Since the fundamental reason a business exists is to make profits (and the more the better), one might ask the question – Why do Samsung, HTC, Microsoft, LG, Blackberry etc even bother to sell smartphones.

A new research report put out by Michael Walkley of research group Canaccord Genuity estimates that Apple took 86% of the profits made by the major handset vendors in the third quarter (July-September) of 2014.

Although Chinese smartphone vendors (peddling Android devices) have been in the news lately because of their low cost and fast processors, Walkley did not include them in his report for want of financial data.

Besides Apple, Samsung and LG were the only prominent handset vendors in positive territory in the third quarter.

“We believe Apple is experiencing a record iPhone 6 upgrade cycle due to very strong replacement sales as well as from high-tier smartphone market share gains from Android,” Walkley wrote in the research note. “We believe these trends should result in very strong (fourth quarter of calendar 2014) smartphone sales and share gains for Apple.”

Samsung – Bad Shape

In contrast to Apple’s go-go quarters, Samsung Electronics is struggling in recent quarters.

Samsung reported a sharp fall in third quarter 2014 profits triggered by lacklustre smartphone sales.

Samsung Electronics’ third-quarter operating profit fell 60.1% to 4.1 trillion won ($3.90 billion). Worse, the company’s mobile division profits for the quarter crashed by 73.9% to 1.75 trillion won.

Apparently, many consumers are giving the cold shoulder to the company’s profitable high-end Android-based smartphones like the Samsung Galaxy S5.

It was the second consecutive quarterly decline in smartphone profits for Samsung.

In the third quarter, Samsung sold 120 million mobile phones but the portion of smartphones fell below 80%.

Samsung is struggling against Apple at the high-end and battling nimble vendors like Lenova and Xiaomi in the mid to low-end segments.

Samsung is rightly pessimistic over prospects for smartphones in the October-December 2014 quarter. Apple’s new large-screen iPhone 6 and iPhone 6 Plus are off to a rocking start and should make the going extremely difficult for the rest of the handset industry.

Walkley put both Motorola Mobility and Microsoft in negative territory on their handset business in the third quarter.

Microsoft has sunk billions into its smartphone and tablet businesses but seen only a sea of red ink in return.

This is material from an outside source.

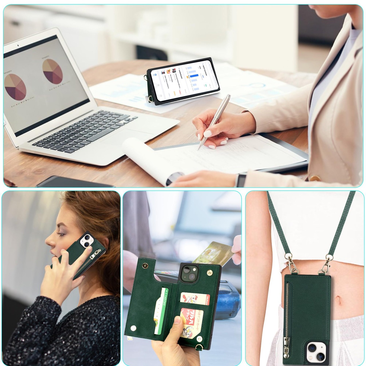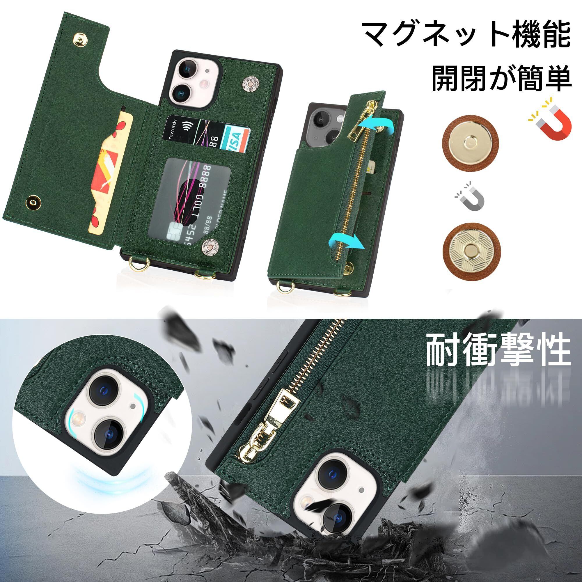 NODALA iPhone 13 mini ケース 手帳型 背面収納 ショルダー あいふぉん13 みに カバー アイフォ13ミニ ケース 財布型 いphone 13 mini スマホケース 肩掛け 斜めがけ 首かけ ストラップ付き 長さ調整可能 携帯ケース おしゃれ カード収納 左右開 耐衝撃 ステント機能 グリーン
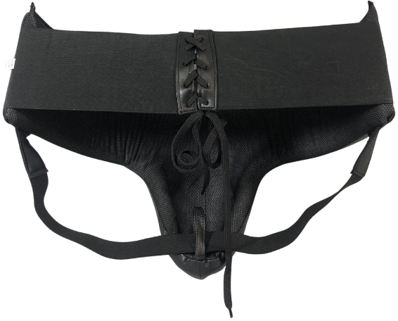 Men's jockstrap with a strong plastic insert covered with eco-leather. The jockstrap is anatomically contoured, which, combined with wide elastic and a tie at the back, allows for a perfect fit.

Apple has lost the numbers game battle to Android but its profits of $8.5 billion in the July-September quarter show how far ahead it’s in the profits war. iPhones accounted for 56% of Apple’s September quarter revenue of $42.12 billion.

Should open source software based smartphones like Firefox OS and the upcoming Ubuntu phones gain momentum, the damage to the likes of Samsung, LG and Microsoft will perhaps be irremediable.